## Exercise
Your answer is the listing, printed exactly as given.

## Data to examine
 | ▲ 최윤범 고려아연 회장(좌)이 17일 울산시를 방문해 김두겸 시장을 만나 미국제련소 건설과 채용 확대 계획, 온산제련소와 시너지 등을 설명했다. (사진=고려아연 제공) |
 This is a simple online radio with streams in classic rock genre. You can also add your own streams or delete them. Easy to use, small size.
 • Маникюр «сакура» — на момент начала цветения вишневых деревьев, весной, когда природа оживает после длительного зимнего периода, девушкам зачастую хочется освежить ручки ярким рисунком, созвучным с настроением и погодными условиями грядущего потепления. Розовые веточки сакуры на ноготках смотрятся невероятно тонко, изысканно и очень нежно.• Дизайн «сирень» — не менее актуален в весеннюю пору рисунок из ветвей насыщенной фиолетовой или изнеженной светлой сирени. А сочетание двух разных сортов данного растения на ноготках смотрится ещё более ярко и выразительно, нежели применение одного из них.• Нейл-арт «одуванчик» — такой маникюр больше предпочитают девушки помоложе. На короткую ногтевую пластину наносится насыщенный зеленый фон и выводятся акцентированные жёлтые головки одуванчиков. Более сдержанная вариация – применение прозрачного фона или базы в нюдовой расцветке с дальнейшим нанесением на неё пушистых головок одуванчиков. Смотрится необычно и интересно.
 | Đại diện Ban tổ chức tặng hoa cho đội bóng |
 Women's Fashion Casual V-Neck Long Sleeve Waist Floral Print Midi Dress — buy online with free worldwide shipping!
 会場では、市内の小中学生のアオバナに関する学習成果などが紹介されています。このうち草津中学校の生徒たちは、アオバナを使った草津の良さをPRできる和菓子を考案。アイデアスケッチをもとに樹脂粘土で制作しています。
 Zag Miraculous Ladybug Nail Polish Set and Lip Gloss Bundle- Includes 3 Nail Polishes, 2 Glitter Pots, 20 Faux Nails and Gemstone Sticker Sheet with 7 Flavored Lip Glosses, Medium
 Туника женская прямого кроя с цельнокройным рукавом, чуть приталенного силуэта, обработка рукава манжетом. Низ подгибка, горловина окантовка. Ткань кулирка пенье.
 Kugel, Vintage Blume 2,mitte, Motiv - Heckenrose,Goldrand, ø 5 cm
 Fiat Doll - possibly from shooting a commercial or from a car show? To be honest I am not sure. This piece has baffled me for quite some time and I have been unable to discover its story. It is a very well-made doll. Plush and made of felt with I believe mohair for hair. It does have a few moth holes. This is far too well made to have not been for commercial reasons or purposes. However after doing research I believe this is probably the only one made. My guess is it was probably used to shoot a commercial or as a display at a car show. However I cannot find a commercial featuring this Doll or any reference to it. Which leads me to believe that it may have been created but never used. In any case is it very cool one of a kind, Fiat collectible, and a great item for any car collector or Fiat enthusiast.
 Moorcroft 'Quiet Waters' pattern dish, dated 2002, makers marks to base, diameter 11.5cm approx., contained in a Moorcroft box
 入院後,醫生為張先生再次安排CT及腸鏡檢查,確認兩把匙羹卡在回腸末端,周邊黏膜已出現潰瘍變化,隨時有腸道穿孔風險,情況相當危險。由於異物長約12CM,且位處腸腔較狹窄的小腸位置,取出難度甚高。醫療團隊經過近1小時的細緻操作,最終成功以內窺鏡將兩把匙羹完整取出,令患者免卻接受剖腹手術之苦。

## Result of the task
 | ▲ 최윤범 고려아연 회장(좌)이 17일 울산시를 방문해 김두겸 시장을 만나 미국제련소 건설과 채용 확대 계획, 온산제련소와 시너지 등을 설명했다. (사진=고려아연 제공) |
 This is a simple online radio with streams in classic rock genre. You can also add your own streams or delete them. Easy to use, small size.
 • Маникюр «сакура» — на момент начала цветения вишневых деревьев, весной, когда природа оживает после длительного зимнего периода, девушкам зачастую хочется освежить ручки ярким рисунком, созвучным с настроением и погодными условиями грядущего потепления. Розовые веточки сакуры на ноготках смотрятся невероятно тонко, изысканно и очень нежно.• Дизайн «сирень» — не менее актуален в весеннюю пору рисунок из ветвей насыщенной фиолетовой или изнеженной светлой сирени. А сочетание двух разных сортов данного растения на ноготках смотрится ещё более ярко и выразительно, нежели применение одного из них.• Нейл-арт «одуванчик» — такой маникюр больше предпочитают девушки помоложе. На короткую ногтевую пластину наносится насыщенный зеленый фон и выводятся акцентированные жёлтые головки одуванчиков. Более сдержанная вариация – применение прозрачного фона или базы в нюдовой расцветке с дальнейшим нанесением на неё пушистых головок одуванчиков. Смотрится необычно и интересно.
 | Đại diện Ban tổ chức tặng hoa cho đội bóng |
 Women's Fashion Casual V-Neck Long Sleeve Waist Floral Print Midi Dress — buy online with free worldwide shipping!
 会場では、市内の小中学生のアオバナに関する学習成果などが紹介されています。このうち草津中学校の生徒たちは、アオバナを使った草津の良さをPRできる和菓子を考案。アイデアスケッチをもとに樹脂粘土で制作しています。
 Zag Miraculous Ladybug Nail Polish Set and Lip Gloss Bundle- Includes 3 Nail Polishes, 2 Glitter Pots, 20 Faux Nails and Gemstone Sticker Sheet with 7 Flavored Lip Glosses, Medium
 Туника женская прямого кроя с цельнокройным рукавом, чуть приталенного силуэта, обработка рукава манжетом. Низ подгибка, горловина окантовка. Ткань кулирка пенье.
 Kugel, Vintage Blume 2,mitte, Motiv - Heckenrose,Goldrand, ø 5 cm
 Fiat Doll - possibly from shooting a commercial or from a car show? To be honest I am not sure. This piece has baffled me for quite some time and I have been unable to discover its story. It is a very well-made doll. Plush and made of felt with I believe mohair for hair. It does have a few moth holes. This is far too well made to have not been for commercial reasons or purposes. However after doing research I believe this is probably the only one made. My guess is it was probably used to shoot a commercial or as a display at a car show. However I cannot find a commercial featuring this Doll or any reference to it. Which leads me to believe that it may have been created but never used. In any case is it very cool one of a kind, Fiat collectible, and a great item for any car collector or Fiat enthusiast.
 Moorcroft 'Quiet Waters' pattern dish, dated 2002, makers marks to base, diameter 11.5cm approx., contained in a Moorcroft box
 入院後,醫生為張先生再次安排CT及腸鏡檢查,確認兩把匙羹卡在回腸末端,周邊黏膜已出現潰瘍變化,隨時有腸道穿孔風險,情況相當危險。由於異物長約12CM,且位處腸腔較狹窄的小腸位置,取出難度甚高。醫療團隊經過近1小時的細緻操作,最終成功以內窺鏡將兩把匙羹完整取出,令患者免卻接受剖腹手術之苦。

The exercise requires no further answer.